The impact of generative AI on companies has been one of the most discussed issues in recent years, with promises of Transform whole sectorscreate new Business opportunities And, above all, throw uncertainty about The professional future of millions of workers.
However, a recent MIT report has brought to light a less optimistic reality: most of the great experiments with generative the generative in companies, do not achieve The expected resultsalthough it is being invested in them huge amounts of money. In other words: a lot of noise and few nuts.
The “failure” of AI in companies. The figures are clear. According to the study ‘The Genai Divide: State of Ai In Business 2025’ Prepared by the MIT, only 5% of the generative the pilot projects in large companies reach a positive and measurable impact on their income. The rest, an overwhelming 95% of the projects, fails to effectively transform any essential part of the organization or obtain a return on investment, which doubts the global fever for adopting AI accelerated.
It is important to underline that the report considers “failure” the absence of economic return derived from the transformation of the company. That does not mean that the project of I do not provide productivity increases of its employees or in the improvement of their products, as can be inferred from the term “failure” used in the study, such and as they detail in Futuriom.
Chatgpt does not transform, but it is very helpful.

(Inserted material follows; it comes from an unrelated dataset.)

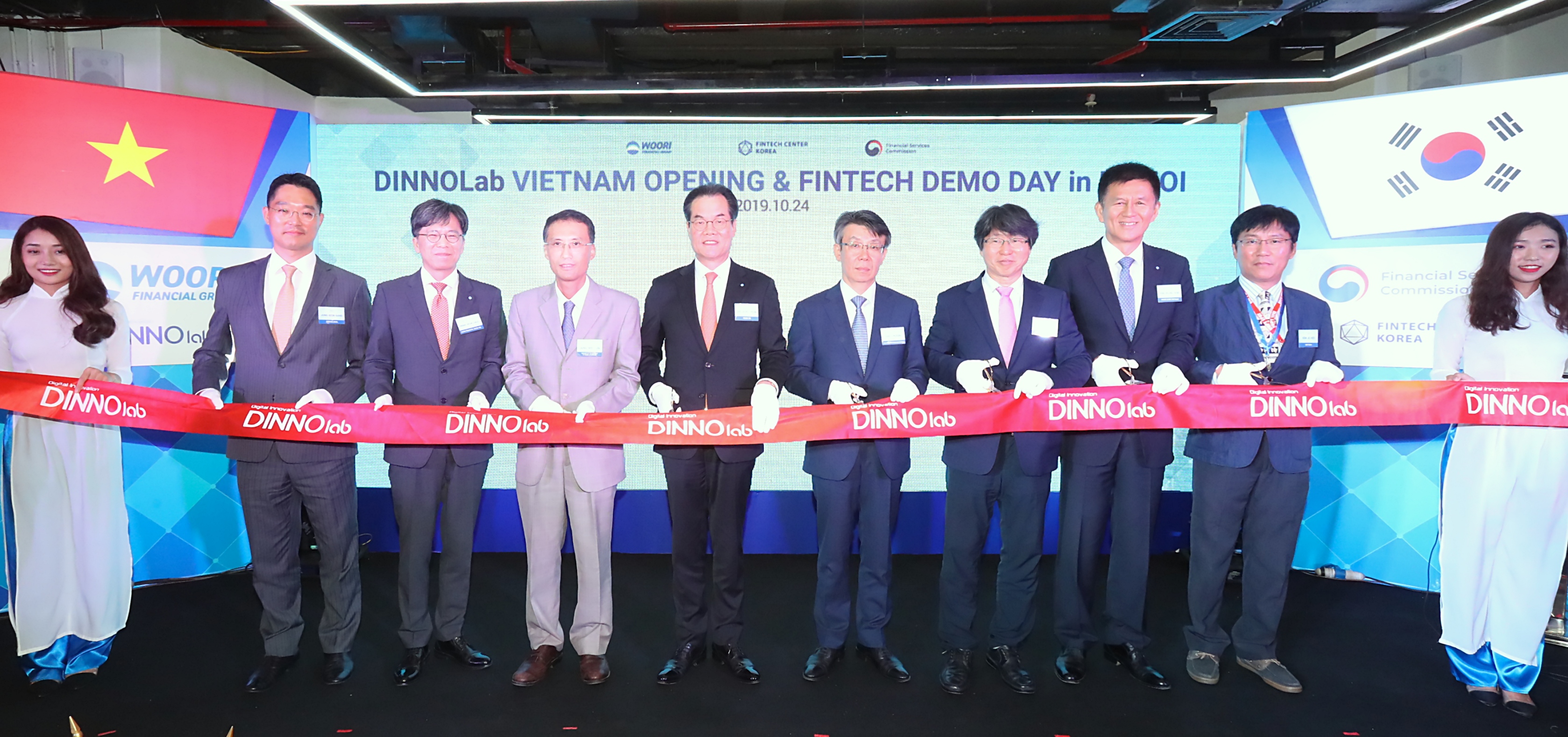 우리금융그룹(회장 손태승)은 지난 24일 동남아 진출을 원하는 스타트업(신생 벤처기업)을 지원하기 위해 베트남 하노이에 핀테크랩 센터인 ‘디노랩(Digital Innovation Lab) 베트남’ 출범식을 가졌다고 25일 밝혔다. 이날 출범식은 ‘핀테크 데모데이’와 함께 진행됐으며, 최 훈 금융위원회 상임위원, 이동연 우리에프아이에스 대표이사 겸 우리은행 최고정보관리책임자(CIO), 정유신 한국핀테크지원센터장, 정우진 주베트남 총영사 등 주요인사가 참석했다.

As detailed in the study, the problem of poor transforming success of AI projects in companies is not related to the quality of AI models themselves, but rather what researchers call “learning gap”, both for tools and for companies themselves.

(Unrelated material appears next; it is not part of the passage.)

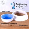A Tigela Gelada para Cães e Gatos é a solução perfeita para manter a água do seu pet gelada por até 8 horas. Com pote interno de gel refrigerante, basta colocá-lo no freezer por 2 horas antes do uso, e pronto: seu pet terá água fresquinha e saudável durante todo o dia.

The authors of the study emphasize that failure lies in poorly oriented business integration. The generalist models, such as chatgpt or co -pilot, are effective as assistants to Improve productivity of employees on a personal level. However, they fail to adapt to the specialized workflows of companies, and stagnate when they try to replicate on a larger scale. That is, they work very well in the demos, but when they must face the variables of Day -to -day processes fail.
According to the report, 80% of the companies considered using a generalist model to perform a certain task in the company, of these, 50% finally launched a pilot project, and 40% of them were successfully implemented, which is a very high percentage. However, Its effect is not transformative since it is raised as a tool to support employees and does not generate a measurable direct return (it is an indirect return in productivity).
The key is the specialized AI agents. Instead, the AI agentsmuch simpler and specialized in performing a single task, if they manage to transform the area in which they are already applied They imply automation and make human supervision unnecessary. So I explained it to Fortune Aditya Challapally, the main author of the report: “Some large companies and startups have seen their income from zero to 20 million dollars grow in a year because they choose the problem to be solved well, they execute precisely and collaborate with partners who really use their tools.”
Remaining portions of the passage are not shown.